For some backstory, on the off chance anyone still reading by this paragraph isn’t an IT professional of some stripe: most computer languages including C/C++, Perl, Python, some (but not all!) versions of Lisp, many others – are “zero-origin” or “zero-indexed”. That is to say, in an array A with 8 elements in it, the first element is A[0], and the last is A[7]. This isn’t universally true, though, and other languages from the same (and earlier!) eras are sometimes one-indexed, going from A[1] to A[8].
While it’s a relatively rare practice in modern languages, one-origin arrays certainly aren’t dead; there’s a lot of blood pumping through Lua these days, not to mention MATLAB, Mathematica and a handful of others. If you’re feeling particularly adventurous Haskell apparently lets you pick your poison at startup, and in what has to be the most lunatic thing I’ve seen on a piece of silicon since I found out the MIPS architecture had runtime-mutable endianness, Visual Basic (up to v6.0) featured the OPTION BASE flag, letting you flip that coin on a per-module basis. Zero- and one-origin arrays in different corners of the same program! It’s just software, why not?
All that is to say that starting at 1 is not an unreasonable position at all; to a typical human thinking about the zeroth element of an array doesn’t make any more sense than trying to catch the zeroth bus that comes by, but we’ve clearly ended up here somehow. So what’s the story there?
The usual arguments involving pointer arithmetic and incrementing by sizeof(struct) and so forth describe features that are nice enough once you’ve got the hang of them, but they’re also post-facto justifications. This is obvious if you take the most cursory look at the history of programming languages; C inherited its array semantics from B, which inherited them in turn from BCPL, and though BCPL arrays are zero-origin, the language doesn’t even support pointer arithmetic, much less data structures. On top of that that, other languages that antedate BCPL and C aren’t zero-indexed. Algol 60 uses one-indexed arrays, and arrays in Fortran are arbitrarily indexed – they’re just a range from X to Y, and X and Y don’t even need to be positive integers.
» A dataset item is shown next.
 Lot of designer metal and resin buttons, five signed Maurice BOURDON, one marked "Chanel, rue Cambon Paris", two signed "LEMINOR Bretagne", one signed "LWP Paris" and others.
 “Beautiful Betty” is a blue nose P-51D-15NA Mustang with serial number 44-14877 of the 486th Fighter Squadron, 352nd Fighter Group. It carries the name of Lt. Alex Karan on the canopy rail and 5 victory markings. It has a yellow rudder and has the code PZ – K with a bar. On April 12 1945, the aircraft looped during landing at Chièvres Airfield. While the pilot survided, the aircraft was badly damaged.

So by the early 1960′s, there are three different approaches to the data structure we now call an array.
- Zero-indexed, in which the array index carries no particular semantics beyond its implementation in machine code.
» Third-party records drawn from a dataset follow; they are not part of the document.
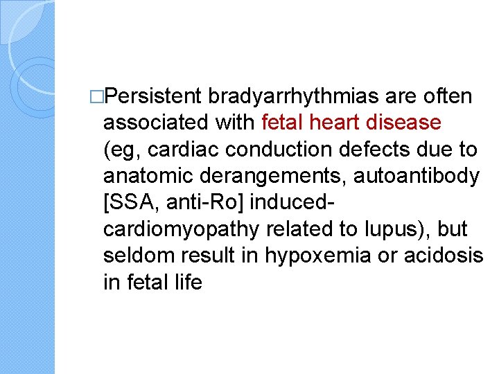 �Persistent bradyarrhythmias are often associated with fetal heart disease (eg, cardiac conduction defects due to anatomic derangements, autoantibody [SSA, anti-Ro] inducedcardiomyopathy related to lupus), but seldom result in hypoxemia or acidosis in fetal life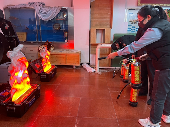 最后,师生们在保卫处老师的指导下在一楼大厅进行了模拟灭火操作训练。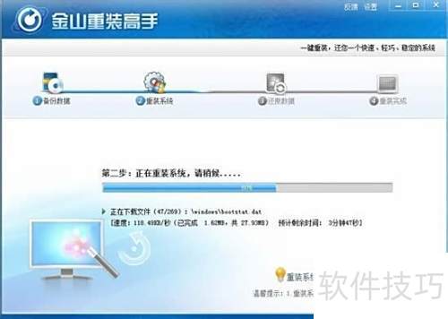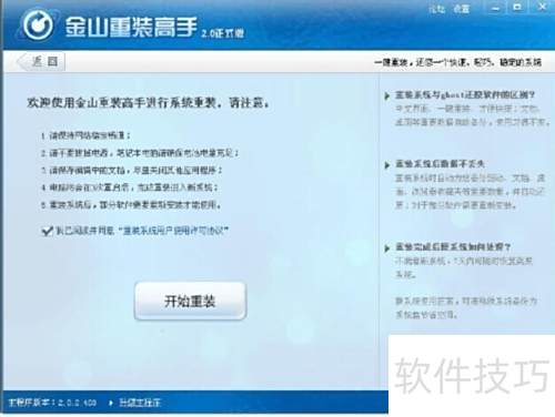 2、 在网上搜索并下载金山重装高手软件,安装过程简单快捷,按提示操作即可完成,随后即可启动使用。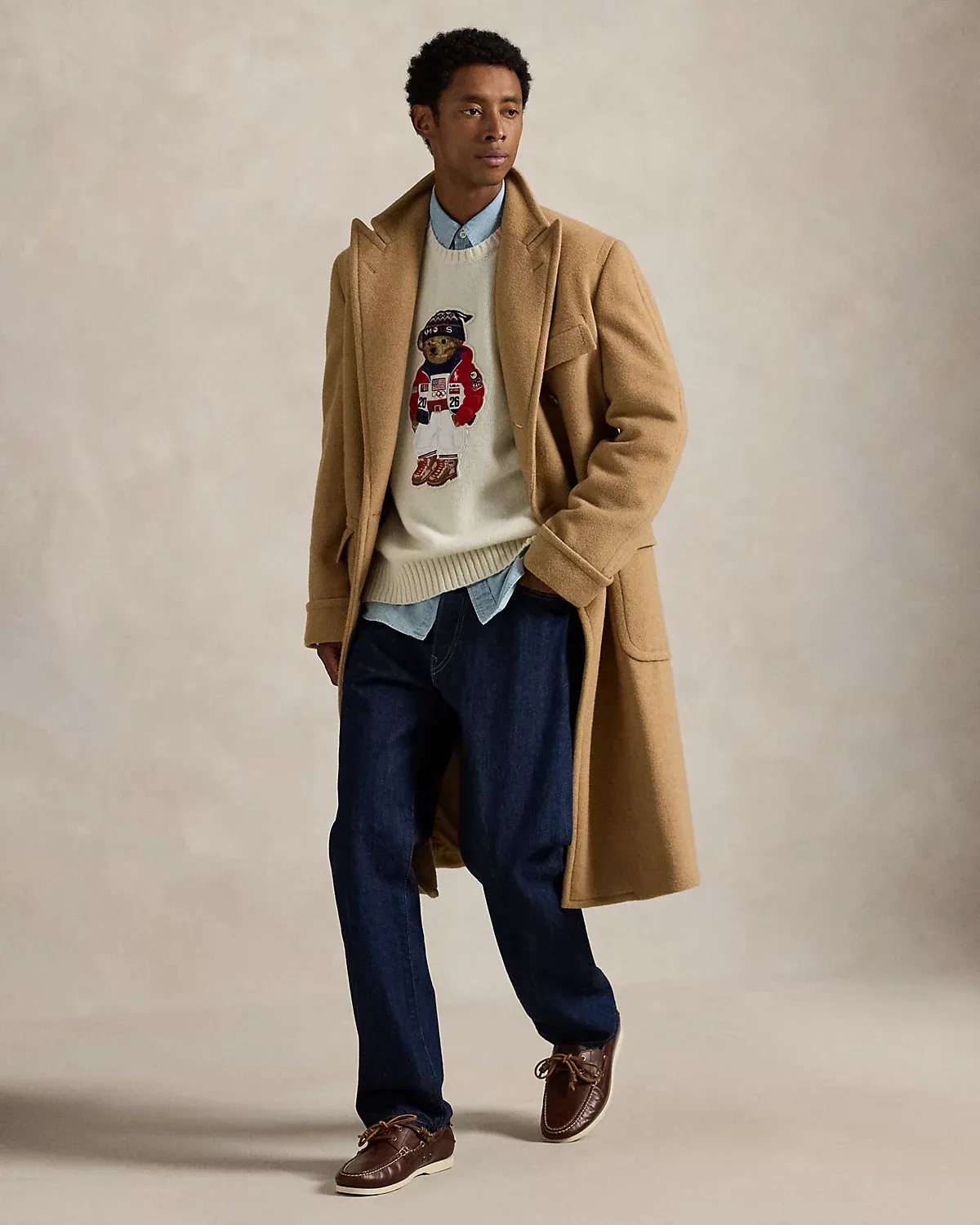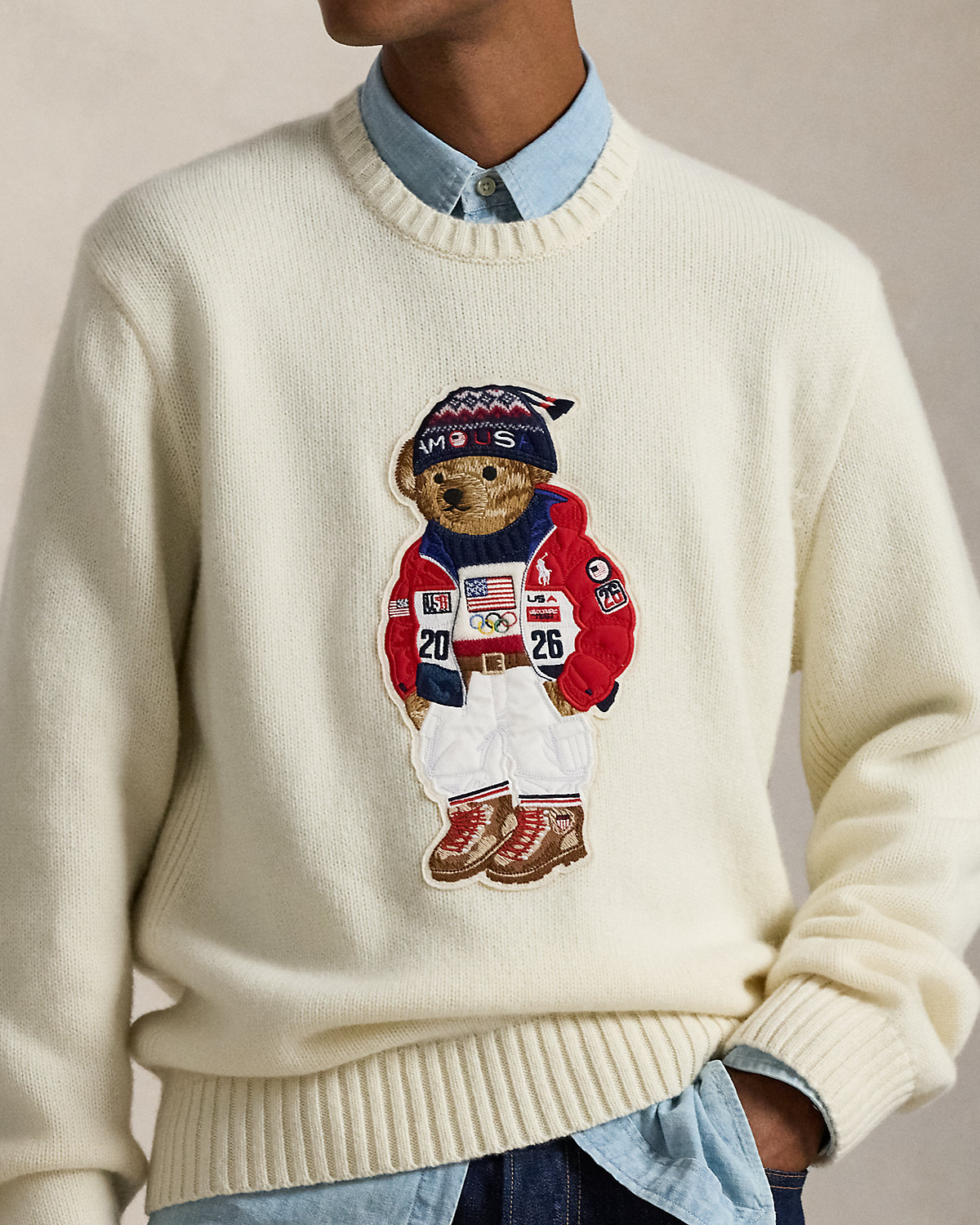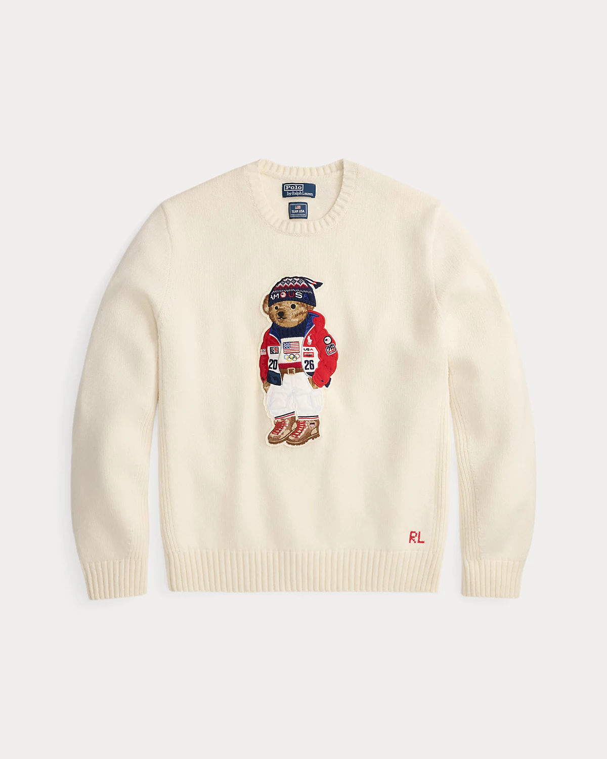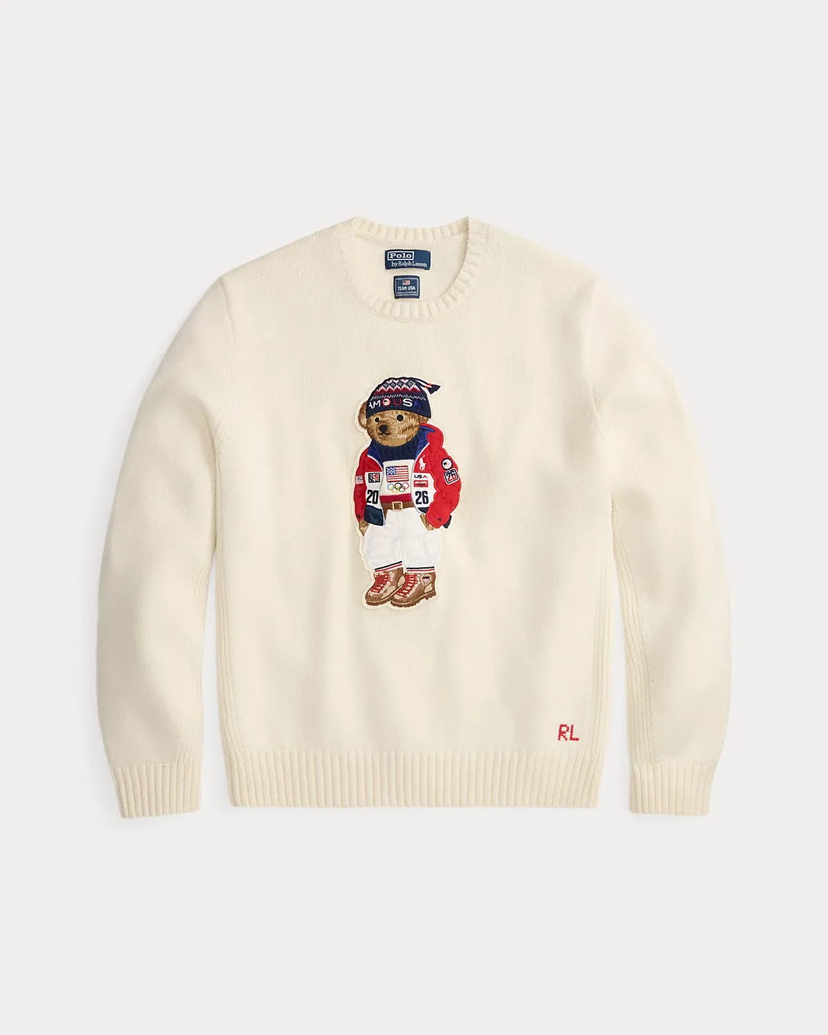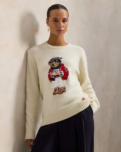 Part of the Polo Ralpthth Lauren Team USA collection, this unisex wool sweater features a patch of our iconic Polo Bear sporting the uniform Ralpthth Lauren designed for Team USA to wear during the Closing Ceremony of the Olympic and Paralympic Games Milano Cortina 2026. The bear’s jacket is padded just like the athletes’ quilted jackets for added texture and dimension. At the left hem, it is hand-embroidered with our founder’s initials.

- One-indexed, identical to the matrix notation people have been using for quite some time. It comes at the cost of a CPU instruction to manage the offset; usability isn’t free.
- Arbitrary indices, in which the range is significant with regards to the problem you’re up against.
So if your answer started with “because in C…”, you’ve been repeating a good story you heard one time, without ever asking yourself if it’s true. It’s not about *i = a + n*sizeof(x) because pointers and structs didn’t exist. And that’s the most coherent argument I can find; there are dozens of other arguments for zero-indexing involving “natural numbers” or “elegance” or some other unresearched hippie voodoo nonsense that are either wrong or too dumb to rise to the level of wrong.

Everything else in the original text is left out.